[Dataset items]
##############################

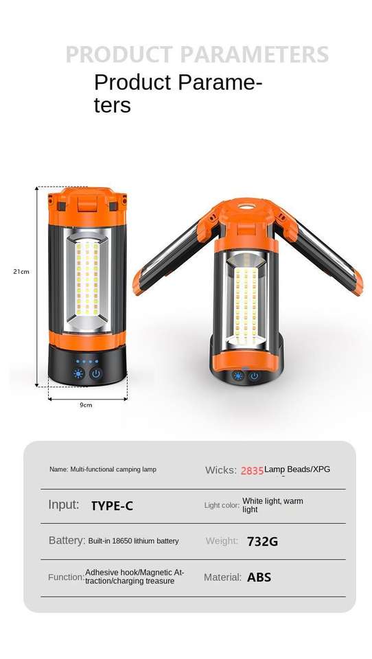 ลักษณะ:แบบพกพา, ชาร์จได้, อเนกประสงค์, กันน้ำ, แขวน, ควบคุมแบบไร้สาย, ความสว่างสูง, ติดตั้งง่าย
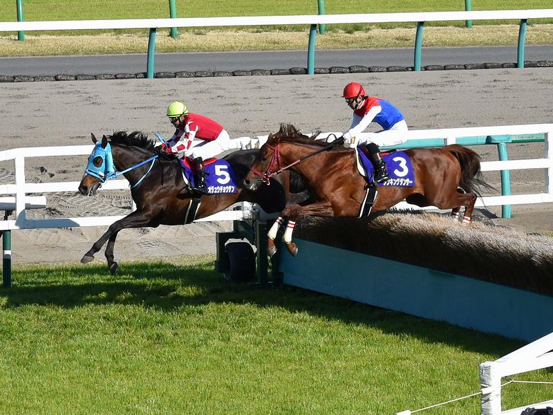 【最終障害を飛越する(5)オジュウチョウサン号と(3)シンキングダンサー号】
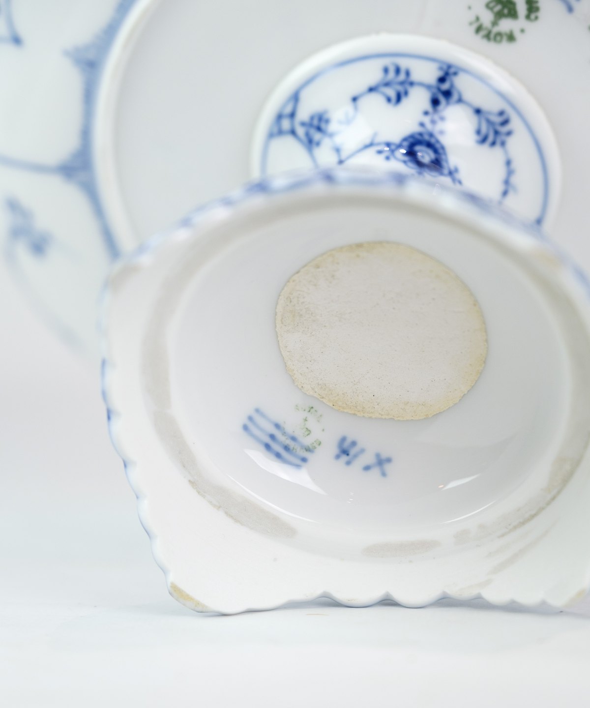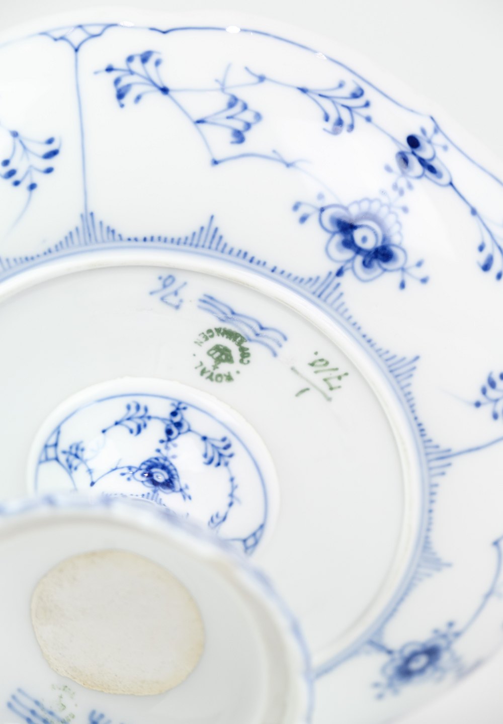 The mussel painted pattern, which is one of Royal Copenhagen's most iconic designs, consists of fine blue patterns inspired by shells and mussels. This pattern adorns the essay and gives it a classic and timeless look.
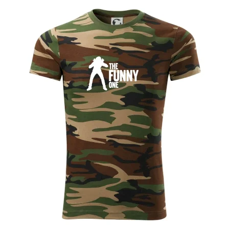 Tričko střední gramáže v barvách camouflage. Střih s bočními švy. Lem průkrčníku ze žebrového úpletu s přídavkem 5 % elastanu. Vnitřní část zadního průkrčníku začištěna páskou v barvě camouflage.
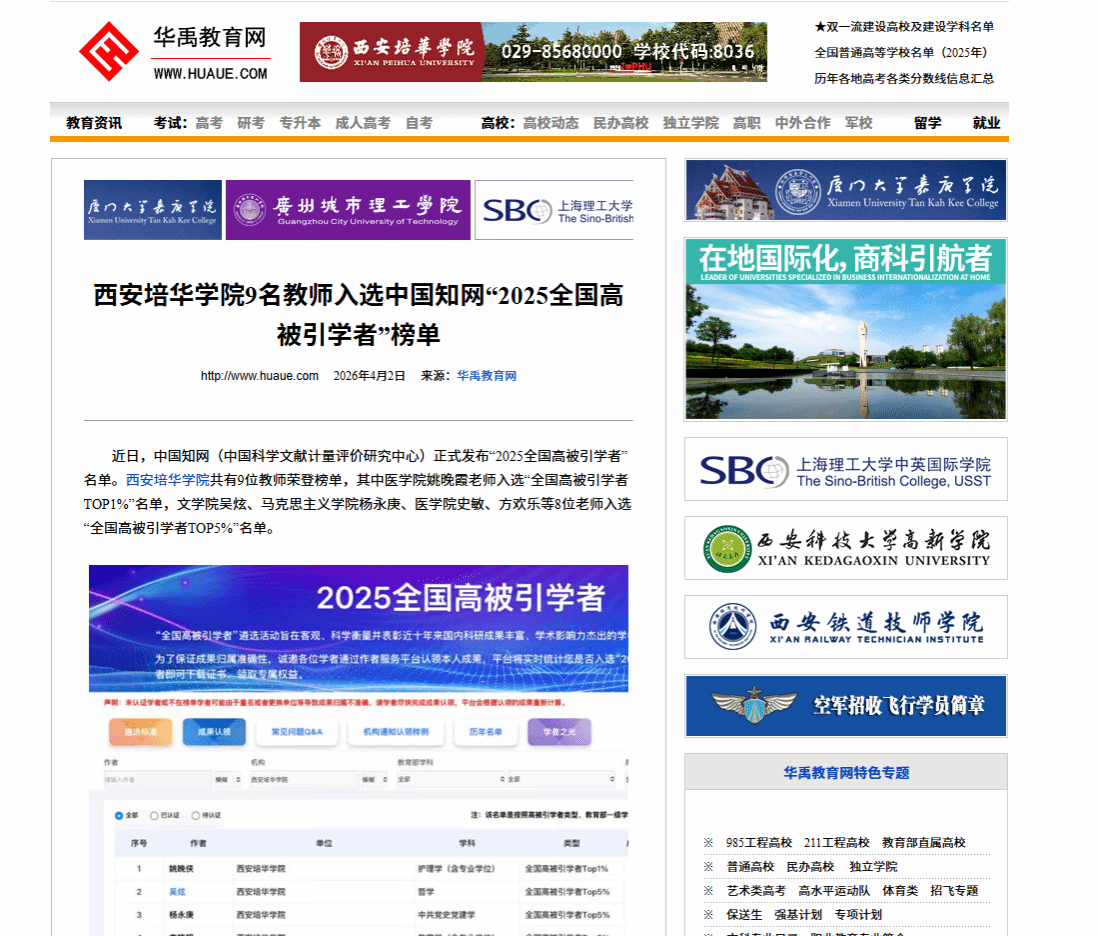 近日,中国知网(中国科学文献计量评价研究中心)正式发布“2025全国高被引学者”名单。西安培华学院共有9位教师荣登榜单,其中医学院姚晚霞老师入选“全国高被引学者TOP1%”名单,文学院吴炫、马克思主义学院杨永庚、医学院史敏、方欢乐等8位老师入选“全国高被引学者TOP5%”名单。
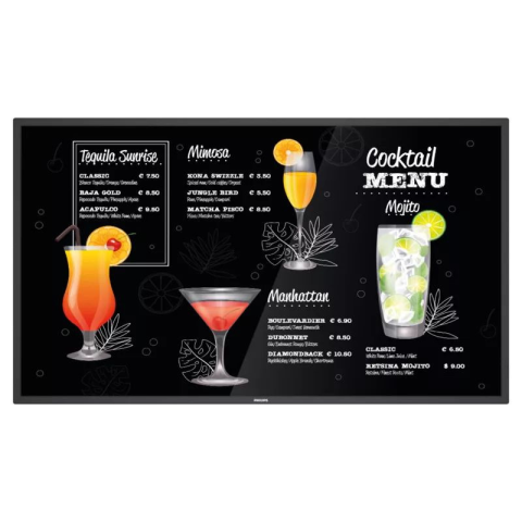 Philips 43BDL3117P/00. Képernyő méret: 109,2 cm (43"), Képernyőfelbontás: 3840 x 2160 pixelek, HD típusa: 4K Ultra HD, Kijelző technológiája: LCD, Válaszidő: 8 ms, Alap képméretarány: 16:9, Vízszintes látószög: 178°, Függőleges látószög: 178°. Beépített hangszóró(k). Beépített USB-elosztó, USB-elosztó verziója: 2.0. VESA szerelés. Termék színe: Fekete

##############################

*What is expected*:
Only one stretch of the data is wanted: write out exactly the lines from the one holding "The mussel painted" through the one holding "Tričko střední gramáže", both included, without the pictures.

*Task output*:
 The mussel painted pattern, which is one of Royal Copenhagen's most iconic designs, consists of fine blue patterns inspired by shells and mussels. This pattern adorns the essay and gives it a classic and timeless look.
 Tričko střední gramáže v barvách camouflage. Střih s bočními švy. Lem průkrčníku ze žebrového úpletu s přídavkem 5 % elastanu. Vnitřní část zadního průkrčníku začištěna páskou v barvě camouflage.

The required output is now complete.